‘Obsessive anti-Israel bias’: Erdan rips up human rights report at UN podium

Envoy says report by UNHRC belongs in ‘the dustbin of antisemitism,’ notes Israel has been targeted in 95 resolutions compared to 142 against all other countries combined

Israel envoy to the United Nations rips up a Human Rights Council report at the podium, October 29, 2021 (Screen grab)
Israel envoy to the United Nations rips up a Human Rights Council report at the podium, October 29, 2021 (Screen grab)

Israel’s Ambassador to the United Nations Gilad Erdan chastised the United Nations Human Rights Council on Friday for its disproportionate condemnation of Israel, tearing up the organization’s annual report while at the podium.

In a speech to the General Assembly, the Israeli envoy slammed the UNHRC for its “obsessive anti-Israel bias” during a special session at which the council presented its annual report.

“Since the establishment of the council 15 years ago, it has decided to blame and condemn Israel not 10 times like Iran or 35 times like Syria,” Erdan said. “The Human Rights Council has attacked Israel with 95 resolutions. Compared to 142 against all other countries combined.”

“It was on this stage at this very body that the very right of the Jewish people to have a national home was itself declared to be racist. A decision that was justly overturned. A decision that Israel’s ambassador at the time, Chaim Herzog, tore up at the United Nations,” Erdan said, referring to Herzog’s November 1975 speech. “And this is exactly what should be done to this antisemitic distorted one-sided report.”

Erdan said the report’s only place was “in the dustbin of antisemitism” before apparently ripping up it up and then leaving the podium.

In a statement on Friday, the UNHRC noted that it had held three special sessions in 2021 — on Myanmar, Afghanistan and the Israeli-Palestinian conflict.

The council noted that at the session on the Israeli-Palestinian conflict, it decided to establish “an ongoing independent, international commission of inquiry to investigate in the occupied Palestinian territory, and in Israel, all alleged violations of international humanitarian law and all alleged violations and abuses of international human rights law leading up to and since 13 April 2021.”
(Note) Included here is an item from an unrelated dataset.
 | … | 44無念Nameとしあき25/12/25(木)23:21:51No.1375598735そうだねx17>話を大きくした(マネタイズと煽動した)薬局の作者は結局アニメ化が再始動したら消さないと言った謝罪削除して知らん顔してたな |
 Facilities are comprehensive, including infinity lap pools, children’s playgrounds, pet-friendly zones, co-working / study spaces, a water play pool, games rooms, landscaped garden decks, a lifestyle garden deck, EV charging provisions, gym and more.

Israel — backed at times by the United States — has long accused the council of anti-Israel bias and has generally refused to cooperate with its investigators.

Israel is the only country that is systematically discussed at every regular council session, with a dedicated special agenda item.

The standing agenda item and body’s overall anti-Israel stance were among the main reasons that the United States under former president Donald Trump decided to leave the council. His successor US President Joe Biden has returned the United States to the fold as an observer, with an eye on membership, but his administration remains deeply critical of the council’s “disproportionate focus on Israel.”

Illustrative: Delegates arrive on the assembly hall of the Human Rights Council at the European headquarters of the United Nations in Geneva, Switzerland, June 2, 2009. (AP Photo/Keystone/Salvatore Di Nolfi)

Earlier this month, United States Ambassador to the United Nations Linda Thomas-Greenfield used the monthly Security Council session on the Middle East to chastise the body for also disproportionately focusing on the Israeli-Palestinian conflict.

“This council spends a great deal of time on the Israeli-Palestinian conflict, which is both understandable and consistent with the agenda. But far too often, the substance of these discussions is centered almost entirely around criticism of Israel and counterattacks,” she said in her remarks.

“I sincerely hope that going forward, council members will do their best to take a more balanced approach. Also, there are other countries and situations in the region that merit Security Council attention and should not be neglected.”